- _TASK ITEM_: Reproduce only this stretch of the listing below: from the line with "MILWAUKEE® Carbide Hammer Drill Bits use" through the line with "2.鍋里燒水,加入少量白醋防", exactly as written, with pictures excluded.

- _MATERIAL PROVIDED_:
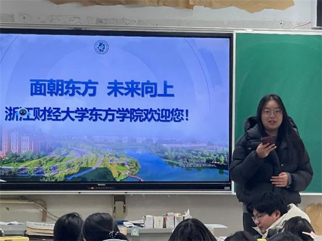为助力高三学子科学备考、明确升学方向,传承感恩回馈精神,近日,浙江财经大学东方学院6名学子组成寒假实践宣讲团,在指导老师带领下,前往湖州市吴兴高级中学开展主题宣讲实践活动。团队以经验分享、互动交流、问卷调研等形式,为母校学子送上实用干货与暖心祝福,活动氛围热烈、反响良好。
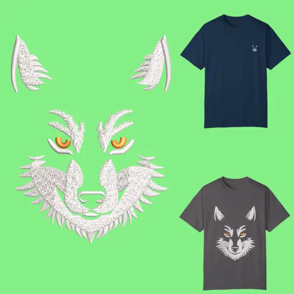 White Wolf Embroidery Design is available in 3 tailles, largeur / hauteur: 77×100 MM, 115X150 mm and 134X175 mm. You can download the White Wolf design files instantly.
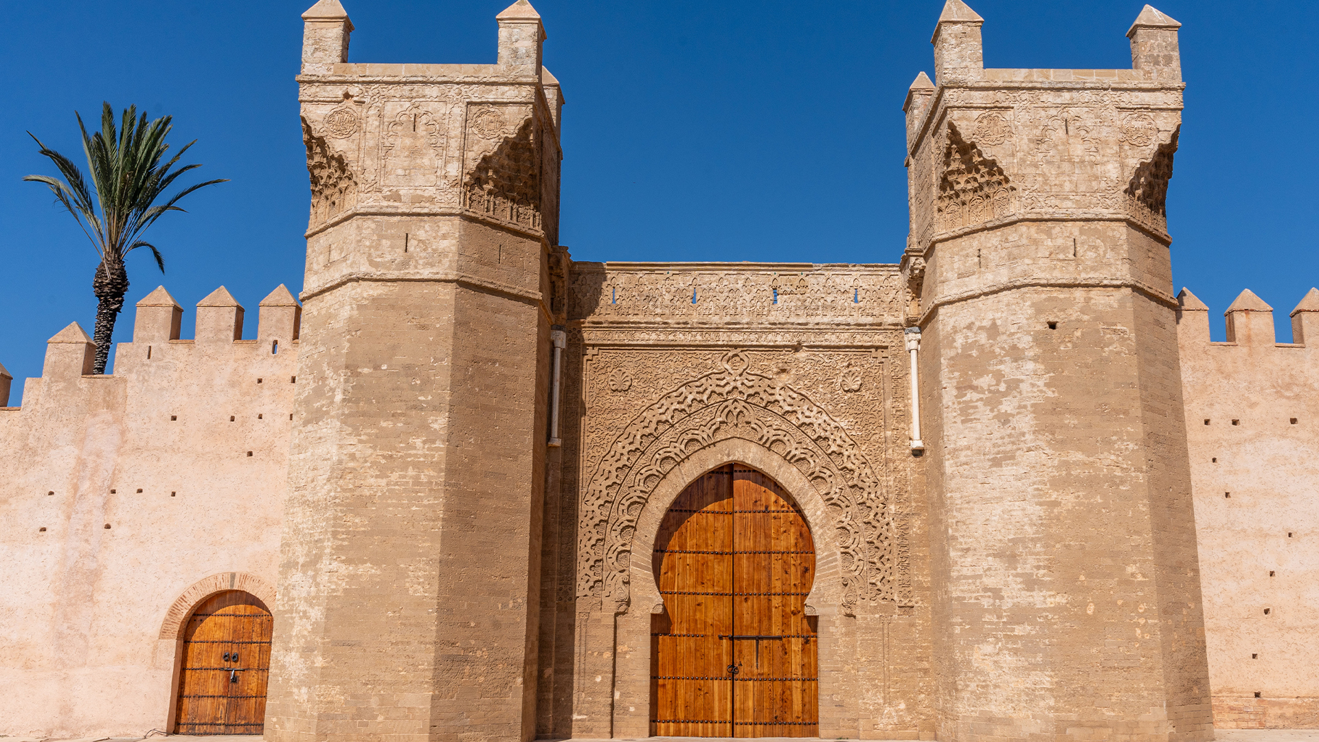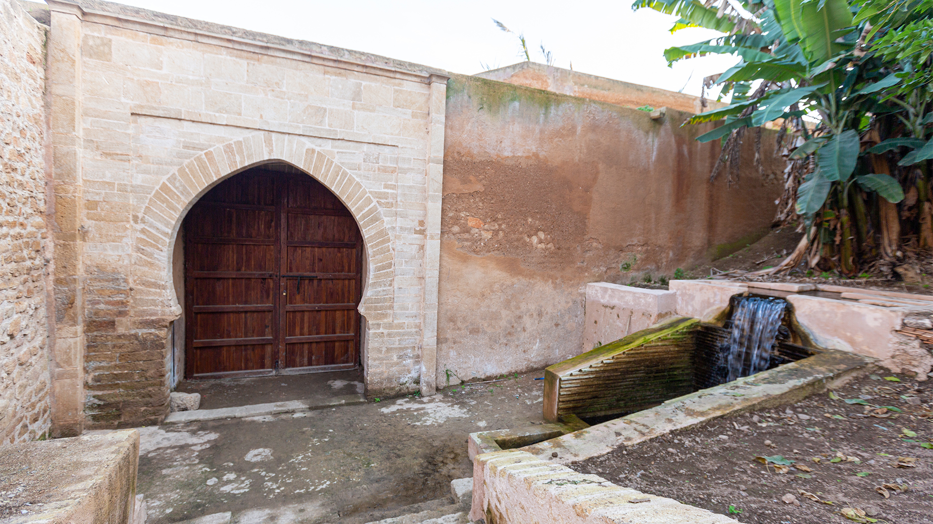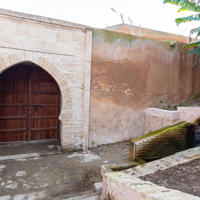 Trois portes, traitées différemment, permettaient d’accéder à l’intérieur de ce lieu sanctifié : la première, appelée Bab ‘Ayn al-Janna, littéralement la porte de la source du paradis, est sise sur la face nord-est. La seconde, ouverte presque au milieu de la courtine sud-est, donne sur les jardins extra-muros. Aussi l’appelle-t-on la porte des jardins. La dernière porte, richement décorée et soigneusement ordonnée, s’élève en face de l’enceinte almohade de Rabat. Entourée de deux tours à pans coupés et construite en pierres de taille, la porte est un arc brisé outrepassé à claveaux rayonnants, haute de 5.60m et large de 3.50m. Il supporte deux écoinçons meublés d’un entrelacs végétal, une inscription formant encadrement rectangulaire. L’ensemble est couronné d’une frise à muqarnas et atteint une hauteur totale de 9.95m. Un couloir coudé couvert d’une voûte d’arête en briques cuites assure l’accès à l’intérieur de la nécropole.
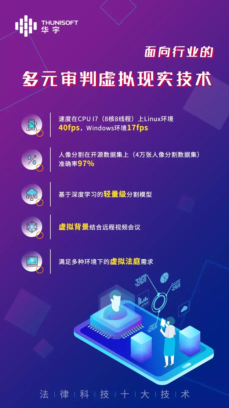 依托華宇虛擬現實技術,重點在虛擬法庭、互聯網庭讅(雲庭)等場景進行了應用。
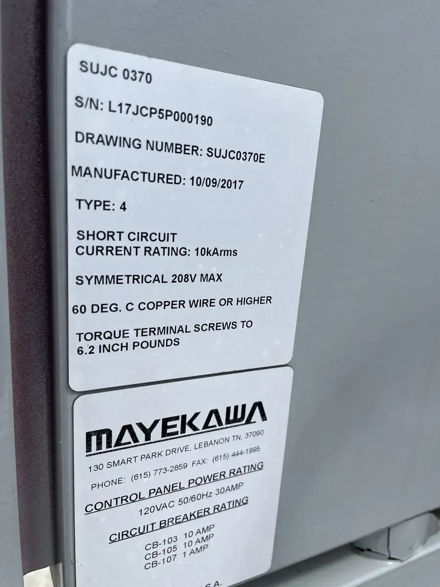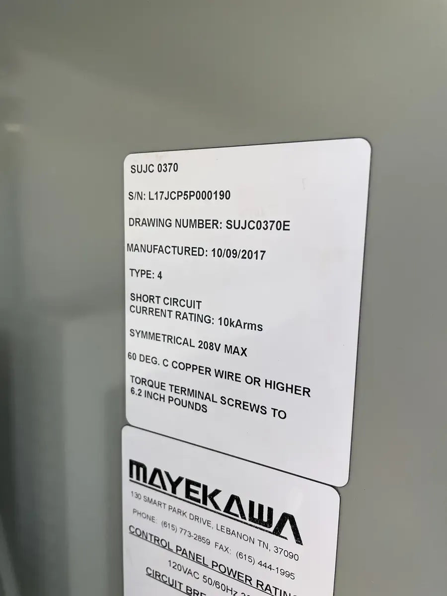 - Micro Control Panel Description: Model: SUJC 0370, Serial No: L17JCP5P000190. Drawing Number: SUJC0370E. Manufactured: 10/09/2017. Type: 4. Short Circuit Current Rating: 10. Max Voltage: 208 V.
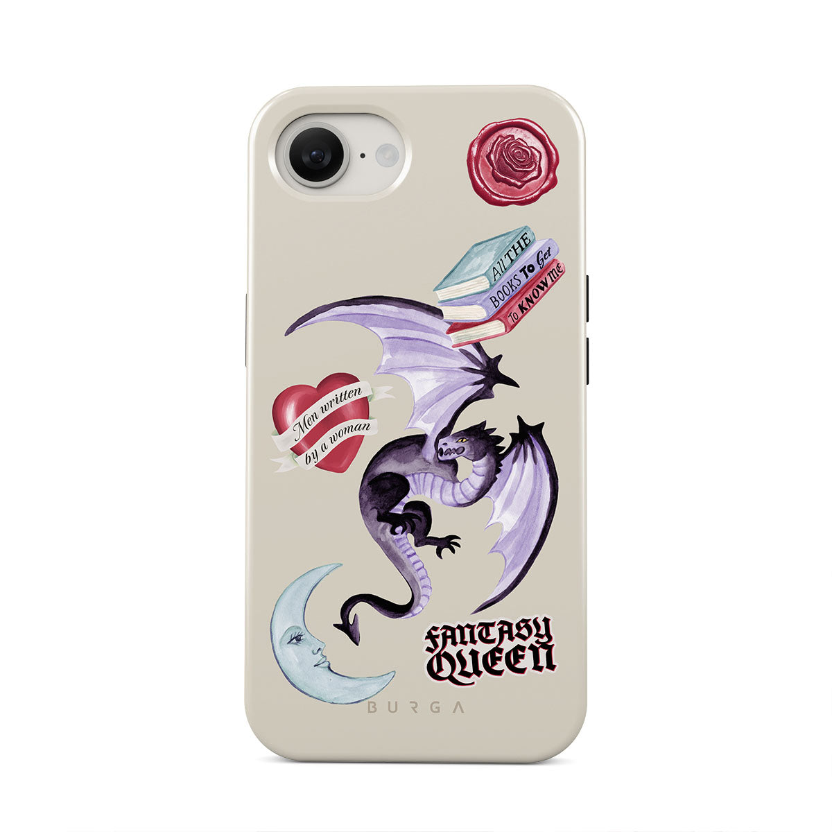 此設計特色:紫色龍、「奇幻女王」貼紙、新月、紫色封蠟、帶訊息的心、書籍
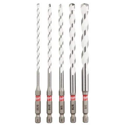 MILWAUKEE® Carbide Hammer Drill Bits use sharpened carbide, delivering up to 5x life in concrete and up to 2x faster drilling. Engineered with a precision ground tip, these bits will deliver faster starts and less walking in concrete, brick, and block. Wide flute design removes dust faster, reducing heat and delivering more holes per charge. These bits are equipped with a 3-flat shank, providing bettter grip and control on the bit. The extended life of the MILWAUKEE® Carbide Hammer Drill Bits provides the ideal solution in concrete, brick, and block for cordless and corded hammer drill/drivers.
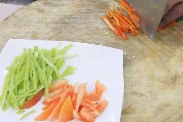 2.鍋里燒水,加入少量白醋防止茄子氧化變黑,水開後把茄子倒入鍋內焯水1分鐘,然後撈出茄子,控干水分。
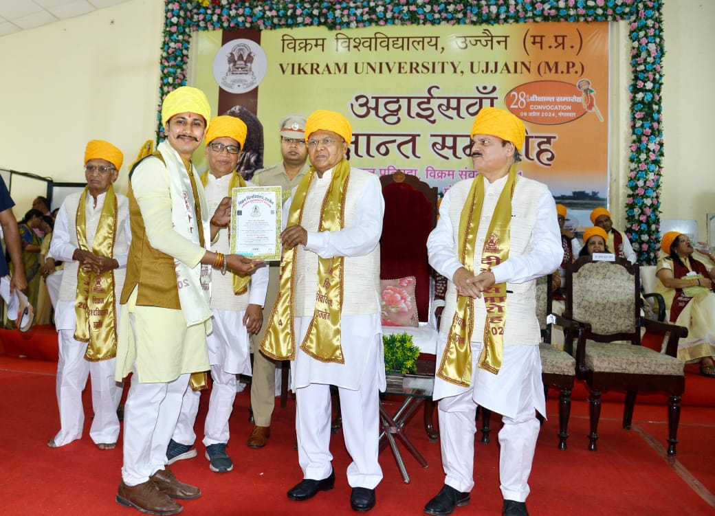 , बताया जाता है की 09 अप्रेल गुड़ी पड़वा पर विक्रम विश्वविद्यालय, उज्जैन के 28 वे दीक्षांत पर आयोजित समारोह के अवसर पर समारोह के अध्यक्ष महामहिम राज्यपाल एवं कुलाधिपति मंगुभाई पटेल मुख्य अतिथि महानिदेशक मौसम विज्ञान विभाग, पृथ्वी विज्ञान मंत्रालय, भारत सरकार, नई दिल्ली, डॉ. मृत्युंजय महापात्र द्वारा कॉमर्स कॉलेज के प्रो हिमांशु बैरागी पिता कृष्ण दास बैरागी को पी.एच.डी. की उपाधि से सम्मानित किया गया l
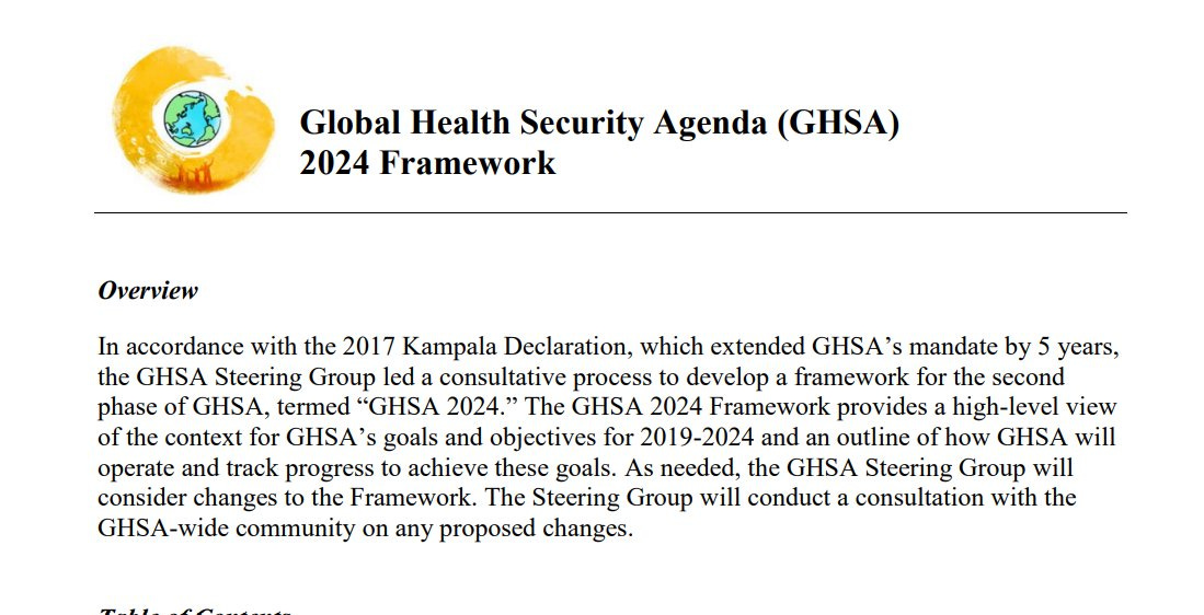 “Global Health Security Agenda (GHSA) is a growing partnership of more than 70 nations, international organizations, and non-governmental stakeholders that help build countries’ capacity to create a world safe and secure from infectious disease threats and elevate GHS as a national and global priority.” (The Global Health Security Agenda 2024 is a separate document)

- _SOLUTION BELOW_:
 MILWAUKEE® Carbide Hammer Drill Bits use sharpened carbide, delivering up to 5x life in concrete and up to 2x faster drilling. Engineered with a precision ground tip, these bits will deliver faster starts and less walking in concrete, brick, and block. Wide flute design removes dust faster, reducing heat and delivering more holes per charge. These bits are equipped with a 3-flat shank, providing bettter grip and control on the bit. The extended life of the MILWAUKEE® Carbide Hammer Drill Bits provides the ideal solution in concrete, brick, and block for cordless and corded hammer drill/drivers.
 2.鍋里燒水,加入少量白醋防止茄子氧化變黑,水開後把茄子倒入鍋內焯水1分鐘,然後撈出茄子,控干水分。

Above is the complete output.